1. Uninstall the extension 2. Delete the .rl4/ folder in your workspace 3. Delete .cursor/rules/Rl4-Skills.mdc and .cursor/rules/RL4.Cursor.Extension.mdc (or rl4-*.mdc) 4. Clear extension storage in Cursor settings if needed Nothing persists on RL4 servers because nothing was sent there.
Do you collect telemetry/analytics?
No by default. The Beta program tracks snapshot count (a number, not content) to unlock rewards. Any future telemetry will be opt-in and clearly documented.
Does RL4 Cursor work offline?
Yes. No RL4 backend is required. Generate and copy snapshots completely offline as long as Cursor and your local data are available.
Can I use RL4 Cursor with sensitive or proprietary code?
That depends on your company's policies. Technically, RL4 is 100% local and doesn't transmit code or chats. But you should still follow your organization's rules for browser extensions and data handling tools.
When should I make a snapshot?
- **End of day**: Capture progress before you forget context - **Before switching models**: Prepare for Claude → ChatGPT transitions - **Before Cursor updates**: Updates can sometimes affect chat history - **Before renaming/moving folders**: Prevents orphaned workspace issues - **Weekly on active projects**: Regular captures ensure continuity
What's the Since last snapshot end trick?
Instead of capturing everything from the beginning each time, select "Since last snapshot end" to capture only new conversations since your last snapshot. This creates smaller, focused captures without duplicating old context.
Should I install RL4 on existing projects or only new ones?
Both work. For existing projects, RL4 will capture whatever chat history Cursor still has locally. For new projects, install RL4 from day one to get: - Full Evidence tracking from the start - Complete chat history coverage - Better causal links between chats and code changes
How often should I finalize snapshots?
Always finalize before copying the final prompt. The finalize step extracts lessons learned (patterns to follow, mistakes to avoid) that enrich your context and get stored in .cursor/rules/Rl4-Skills.mdc for future sessions.
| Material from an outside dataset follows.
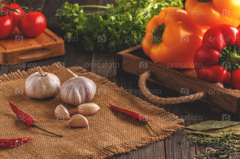Овощи, травы, специи фон. Выборочный фокус

How long does Cursor keep chat history?
Cursor doesn't officially document retention periods. In practice: - Recent chats (< 1 month): Usually available - Older chats: May be purged without warning - Privacy Mode affects what's stored The safest approach: make regular snapshots so you don't depend on Cursor's retention.
How much history (days) can RL4 Cursor export?
There's no fixed limit in RL4 itself. RL4 exports whatever Cursor still has locally. If Cursor purged old conversations, RL4 can't recover them. The UI shows "Earliest recovered item" so you know what's actually available.
What happens if I rename or move my project folder?
⚠️ This creates a new workspace ID in Cursor. Your old conversations become orphaned — they still exist but Cursor can't find them. **Always make a snapshot BEFORE renaming or moving.** If you already renamed, the old data might be recoverable manually from workspaceStorage/.
Can Cursor updates break my chat history?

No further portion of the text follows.